If an agent needs to react to inbound notifications quickly and reliably, a webhook-first design is the default choice:

  • Low latency (no polling loop delays)
  • Natural fan-out into queues/workers
  • Cleaner time budgets (you can fail fast and alert on missing events)

A webhook-first design only works if you adopt a strict rule:

Ack fast, process async. Your HTTP handler should validate, persist, enqueue, and return a 2xx quickly. Everything else happens in a worker.

What “ack fast” means in practice

Keep your webhook handler’s critical path extremely short:

  • Read raw request body
  • Verify authenticity (signature and timestamp, if provided)
  • Derive idempotency key(s)
  • Upsert a delivery record (or “seen” record)
  • Enqueue a job keyed by the idempotency key
  • Return 200 OK

If you do heavy parsing, template classification, link following, or LLM calls inside the handler, you increase the chance of timeouts, which causes retries, which increases duplicates.

For HTTP semantics, remember that providers typically retry on non-2xx responses (and sometimes on timeouts). The relevant status code definitions live in the HTTP specification (for example, see RFC 9110).

Webhook authenticity and replay defense

For agent systems, webhook authenticity is not optional.

At minimum, you want:

  • Signature verification over the raw request body (not a parsed JSON object that can be re-serialized)
  • Timestamp tolerance (reject very old timestamps)
  • Replay detection (reject a repeated delivery identifier, or store a hash of the body)

This is separate from email-level authenticity signals (like DKIM). DKIM can tell you something about the email’s origin, but it does not prove the webhook request hitting your endpoint is genuine.

Retries: assume your notification pipeline will retry at multiple layers

Retries happen whether you implement them or not. In a typical notifications email pipeline, you might see:

  • Sender retries at the SMTP layer
  • Inbound provider retries delivering to your webhook
  • Your queue retries jobs
  • Your agent retries actions (sometimes without telling you)

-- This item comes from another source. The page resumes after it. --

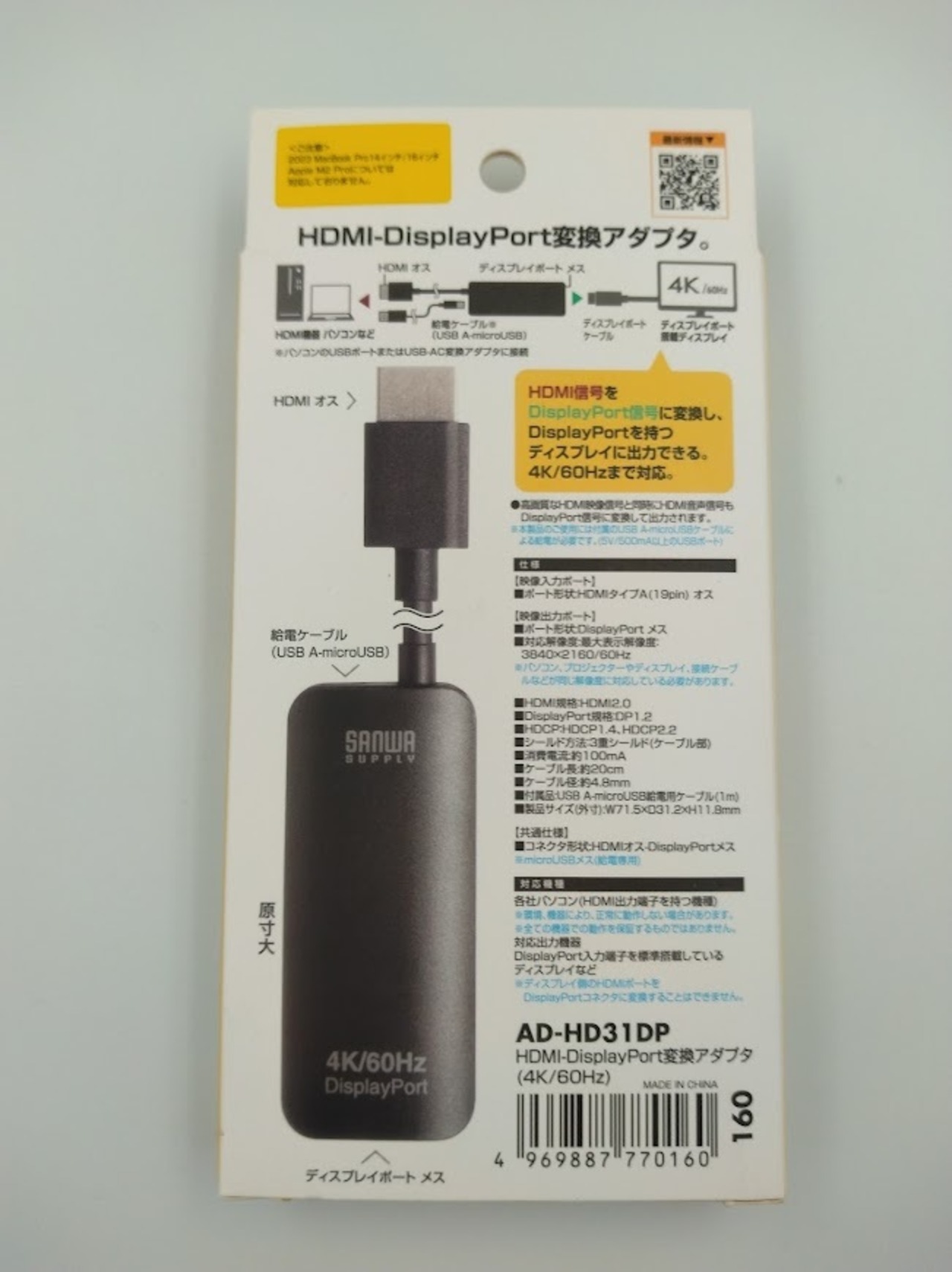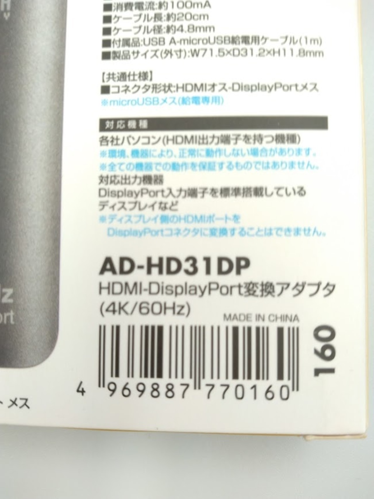 #HDMI-DisplayPort変換アダプタ(4K/60Hz)

Instead of trying to “turn retries off,” design your system so retries are safe.

Define retry classes: transient vs permanent

In your worker (not the webhook handler), classify failures:

  • Transient: network timeouts, 5xx from dependencies, rate limits, temporary DB contention
  • Permanent: invalid signature, schema violations, unsupported content type, missing required artifact

Only transient failures should be retried automatically. Permanent failures should be recorded and surfaced for debugging, because repeated retries will not change the outcome.

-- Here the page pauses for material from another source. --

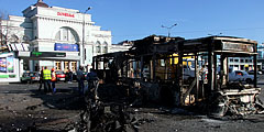 Один из снарядов попал прямо в троллейбус (фото: ИТАР-ТАСС)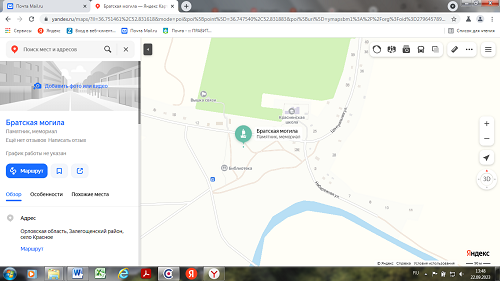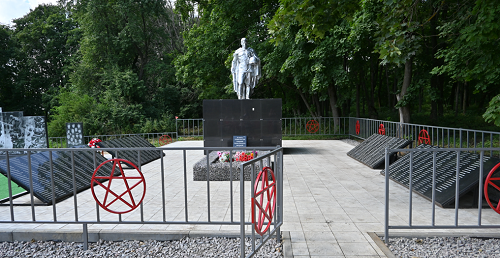 Краткое описание памятника(надгробия), захоронения: Братская могила, ограждение металлическое 12,5*20 м, гробница 2,5*1,5м из габиона, постамент со скульптурой солдата, в правой руке автомат, в левой руке каска, высота 3,5 м., внизу постамента гранитная плита «В ПАМЯТЬ КОММУНИСТАМ РОЖКОВУ ФЕДОРУ ИВАНОВИЧУ, ВАСИНОЙ ИРИНЕ ИВАНОВНЕ И ДРУГИМ ЖИТЕЛЯМ, ЗАМУЧЕННЫМ ФАШИСТАМИ В ГОДЫ ОККУПАЦИИ». По обе стороны 20 гранитных плит с именами погибших воинов. Слева от постамента гранитная композиция (гранитная плита1,40 м*,70 м на подставке, лицевая часть гравировка изображения с миниатюр 16 погибших, , тыльная сторона Фамилия Имя Отчество, дата рождения) Далее конструкция из 3 стел (изображение «Знамя Победы над рейхстагом),портретные изображения 2 погибших на гранитных плитах 60*30 ,якорь, портретное изображение погибшего на гранитной плите 80*50.

Use backoff and a bounded time budget

Agents often run inside a larger deadline (CI job timeout, tool invocation budget, or workflow SLA). So retries should be bounded by:

  • A maximum attempt count
  • A maximum wall-clock duration
  • Exponential backoff with jitter

That makes failures diagnosable instead of turning into silent “infinite waiting.”

Idempotency: pick the right key for the job

“Idempotency” is overloaded. For inbound notifications email, you typically need idempotency at three different layers.

Layer 1: Delivery idempotency (webhook retry safety)

This is the simplest case: the same webhook delivery might be posted multiple times.

If your provider gives you a stable delivery_id, that should be your primary dedupe key for the webhook handler. If it does not, derive a deterministic key (for example, a cryptographic hash of the raw body) and store it with a TTL.

Layer 2: Message idempotency (SMTP duplicates and resends)

Even if your webhook delivery is deduped, you can still receive multiple messages that look identical:

  • The sender actually sent twice
  • An intermediate system duplicated
  • A “resend code” action happened

A stable message_id (often based on the RFC 5322 Message-ID header) is the common choice here (see RFC 5322).

Layer 3: Artifact idempotency (OTP/link consume-once)

This is the layer that breaks agent workflows most often.

Even if you dedupe deliveries and messages, you can still extract the same artifact multiple times and accidentally apply it twice, such as:

  • Submitting the same OTP twice
  • Following the same verification link twice
  • Marking the same “email verified” state twice

Artifact idempotency typically uses a key like:

  • artifact_type + artifact_value_hash + target_account

Where target_account is the user, session, or workflow instance that the artifact is meant for.

A practical key map

Layer What can duplicate? Recommended idempotency key Stored where?
Delivery Webhook POST retried delivery_id or sha256(raw_body) DB table with unique constraint
Message SMTP duplicates, resends message_id (or normalized fallback) Messages table
Artifact OTP/link consumed twice type + hash(value) + subject “Consumes” table with unique constraint

The big win: once you model these layers explicitly, retries stop being scary because you know where to collapse duplicates.

Reference architecture: ingest, persist, enqueue, process

Here is a minimal, production-friendly layout.

A simple diagram showing an inbound email provider sending a webhook to a small “Webhook Handler” box that verifies signature and writes a Delivery record, then enqueues a job to a Queue. A Worker consumes the job, upserts a Message record, extracts an OTP or link as an Artifact, and writes a Consume-Once record. A separate Polling Fallback box can read messages by inbox ID if the webhook is down.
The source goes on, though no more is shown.